Figure 11: Robot prototype and simplified model [6]
An underactuated nonlinear system like a wheeled biped robot (WBR) makes it challenging to achieve stable control. A decoupled control structure is suggested to enhance a WBR's ability to move dynamically and maintain balance. The WBR is first separated into a five-link multi-rigid body system and a variable-length wheeled inverted pendulum. Then, a time-varying linear quadratic regulator and a model predictive controller are created, respectively, for the two previously mentioned simplified models. The WBR can achieve changing height, resisting external disturbances, velocity tracking, and jumping thanks to the control framework. The outcomes of physical experiments and simulations attest to the framework's efficacy. [6]
While leg-based locomotion is more adaptable and can navigate difficult areas, wheels have the advantages of high efficiency and quick mobility. The best of both worlds can be achieved by combining the benefits of the two. The masses of the individual linkages and their centroid positions are used to weight the position of the analogous centroid.

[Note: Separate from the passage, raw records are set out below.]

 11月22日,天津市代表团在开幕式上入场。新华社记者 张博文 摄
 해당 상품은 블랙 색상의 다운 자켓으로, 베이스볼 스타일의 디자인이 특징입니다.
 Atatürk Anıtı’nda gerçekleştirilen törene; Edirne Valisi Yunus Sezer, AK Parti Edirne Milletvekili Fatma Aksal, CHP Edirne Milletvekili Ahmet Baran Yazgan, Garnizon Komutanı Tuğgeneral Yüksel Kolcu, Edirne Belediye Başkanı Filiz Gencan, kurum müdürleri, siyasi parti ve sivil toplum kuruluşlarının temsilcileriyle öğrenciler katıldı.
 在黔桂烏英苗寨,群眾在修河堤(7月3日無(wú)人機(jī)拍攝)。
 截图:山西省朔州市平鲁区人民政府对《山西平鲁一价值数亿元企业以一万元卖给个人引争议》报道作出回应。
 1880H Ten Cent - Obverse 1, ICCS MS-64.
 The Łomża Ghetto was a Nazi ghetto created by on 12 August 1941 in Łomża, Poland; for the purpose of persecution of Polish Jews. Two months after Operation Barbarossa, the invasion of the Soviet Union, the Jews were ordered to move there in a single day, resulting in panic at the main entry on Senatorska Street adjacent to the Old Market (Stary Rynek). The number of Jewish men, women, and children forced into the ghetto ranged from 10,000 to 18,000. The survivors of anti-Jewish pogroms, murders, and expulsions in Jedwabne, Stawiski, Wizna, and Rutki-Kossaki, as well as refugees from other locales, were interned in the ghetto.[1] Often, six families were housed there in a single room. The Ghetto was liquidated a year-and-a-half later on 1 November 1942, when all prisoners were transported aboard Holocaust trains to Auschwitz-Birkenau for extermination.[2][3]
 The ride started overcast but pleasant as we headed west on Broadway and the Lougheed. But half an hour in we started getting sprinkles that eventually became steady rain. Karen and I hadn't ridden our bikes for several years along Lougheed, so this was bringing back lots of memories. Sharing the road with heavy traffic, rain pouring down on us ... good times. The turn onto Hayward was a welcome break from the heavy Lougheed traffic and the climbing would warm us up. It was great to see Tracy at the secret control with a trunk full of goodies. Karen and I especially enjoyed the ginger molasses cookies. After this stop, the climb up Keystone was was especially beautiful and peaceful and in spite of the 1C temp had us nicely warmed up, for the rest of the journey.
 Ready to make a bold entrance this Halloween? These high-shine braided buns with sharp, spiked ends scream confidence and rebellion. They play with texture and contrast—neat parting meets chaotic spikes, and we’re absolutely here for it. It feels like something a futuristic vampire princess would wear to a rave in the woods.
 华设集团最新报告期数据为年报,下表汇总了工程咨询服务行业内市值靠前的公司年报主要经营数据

The Denavit-Hartenberg (D-H) convention was utilised to create the kinematic model in order to define the relationship between this centre of mass and the axle coordinate system. [6]
Figure 12: Robot dynamic model [6]
7. Dynamic wheeled motion control of wheel-biped transformable robots.
Figure 13: Robot prototype [7]
The majority of extant biped robots can only move by wheels or by using their feet to walk. This study introduces the dynamic wheeled control of a full-sized wheel-biped transformable robot, SR600-II, comprising wheeled locomotion and in-situ wheel-to-foot (WtF) transformation. It has wheels for moving along level ground and switching modules for assuming a footed stance in the presence of obstacles. The kinematics for wheeled locomotion are first determined under the upper-body lumped centre-of-mass (CoM) constraint. Finally, a wheeled inverted pendulum (WIP) is used to simulate the dynamics of wheeled locomotion by include variables relevant to the upper body's position. The effectiveness of the suggested dynamic wheeled control techniques for both wheeled locomotion and in-situ WtF transformation has been confirmed through simulations and tests on the SR600-II prototype. [7]
Figure 14: Robot dynamic model [7]